Oseltamivir is administered orally or by feeding tube without regard to meals, although administration with meals may improve gastrointestinal tolerability. Oseltamivir is available as a generic drug or as Tamiflu in 30-mg, 45-mg, and 75-mg capsules and as a powder for oral suspension that is reconstituted to provide a final concentration of 6 mg/mL. For the 6-mg/mL suspension, a 30-mg dose is given with 5 mL of oral suspension, a 45-mg dose is given with 7.5 mL oral suspension, a 60-mg dose is given with 10 mL oral suspension, and a 75-mg dose is given with 12.5 mL oral suspension. If the commercially manufactured oral suspension is not available, a suspension can be compounded by retail pharmacies (final concentration also 6 mg/mL), based on instructions contained in the package label. For infants younger than 1 year, an appropriate measuring device such as a 3-mL or 5-mL oral syringe should be used to measure the dose instead of the syringe supplied. In patients with renal insufficiency, the dose should be adjusted on the basis of creatinine clearance. Renal dosing of oseltamivir is not available in the package insert for pediatric patients. Dosing tables published by the CDC may be useful for children who qualify for adult doses based on weight >40 kg (https://www.cdc.gov/flu/pdf/professionals/antivirals/Antiviral-Medications-Table3.pdf).
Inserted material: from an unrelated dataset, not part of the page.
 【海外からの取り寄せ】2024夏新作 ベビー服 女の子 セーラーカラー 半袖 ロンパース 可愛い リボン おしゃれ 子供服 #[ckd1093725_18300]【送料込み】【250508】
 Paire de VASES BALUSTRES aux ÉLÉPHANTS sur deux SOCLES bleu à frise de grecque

See https://www.cdc.gov/flu/professionals/antivirals/summary-clinicians.htm and Infectious Diseases Society of America Guidelines.24 These recommendations differ from the package insert for oseltamivir: https://www.accessdata.fda.gov/drugsatfda_docs/label/2012/021087s062lbl.pdf.
The CDC recommends routine chemoprophylaxis with oseltamivir or zanamivir for 7 days after last known exposure; minimum of 14 days and continuing for 7 days after last known exposure if part of institutional outbreak (https://www.cdc.gov/flu/professionals/antivirals/summary-clinicians.htm). This differs from the package insert for zanamivir, which recommends prophylaxis for 10 days in community settings and 28 days in community outbreaks (https://www.accessdata.fda.gov/drugsatfda_docs/label/2010/021036s025lbl.pdf).
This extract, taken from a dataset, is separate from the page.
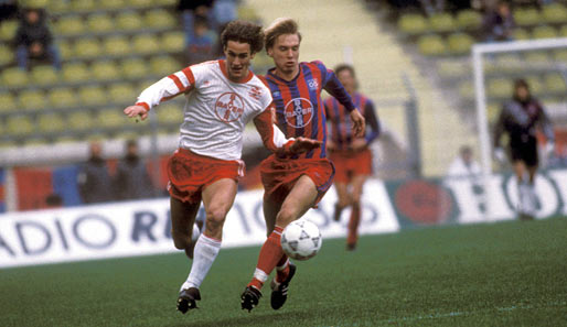 Datum: 25.08.1990  Copyright: imago/WEREK Heiko Herrlich (Leverkusen, li.) gegen Horst Steffen (Uerdingen); Vdia, quer, Zweikampf, Duell, Ball, Antritt Saison 1990/1991, Bayer 05 Uerdingen - Bayer 04 Leverkusen 1:1 Krefeld Dynamik
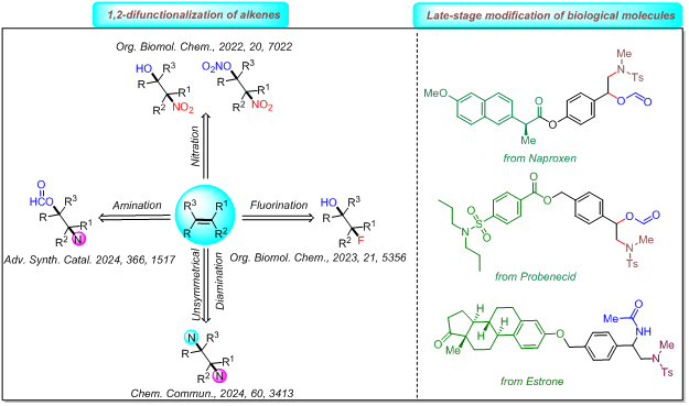 由于其丰富性、易得性和多样的反应性,烯烃已成为有机合成中备受青睐的骨架结构。其中,烯烃的1,2-双官能团化是一项特别引人注目的转化。在这种转化中,可以通过一步反应同时在碳碳双键的相邻位置安装两个官能团,因此可以直接利用简单的原料来迅速增加分子的复杂性。目前,PA视讯集团官网王震教授科研团队在烯烃的1,2-双官能化反应方向取得了系列研究进展,包括烯烃的硝化/羟基化反应、硝化/硝酸酯化反应、氟羟基化反应、氨酯化反应、不对称双胺化反应等。新方法的开发,解决了原有方法需要使用预功能化底物、区域选择性差、底物范围窄和反应时间长等缺点。利用这些方法,不仅可以快速构建药物分子和天然产物中重要的结构单元,也可以为现有药物的结构修饰提供新的策略。以上工作得到了国家自然科学基金、湖南省自然科学基金、PA视讯集团官网科研启动经费等项目的支持。

Approved by the FDA for treatment of children as young as 2 weeks of age. Given preliminary pharmacokinetic data and limited safety data, oseltamivir can be used to treat influenza in both term and preterm infants from birth because benefits of therapy are likely to outweigh possible risks of treatment. Oseltamivir is not FDA-approved for postexposure prophylaxis (PEP) in children younger than 1 year. Oseltamivir is not recommended by the AAP or CDC for chemoprophylaxis of infants <3 months because of limited safety and efficacy data in this age group. Of note, the CDC recommends a dose of 3.0 mg/kg, twice daily, for all infants <12 months; the Infectious Diseases Society of America guidelines24 include both AAP and CDC recommendations.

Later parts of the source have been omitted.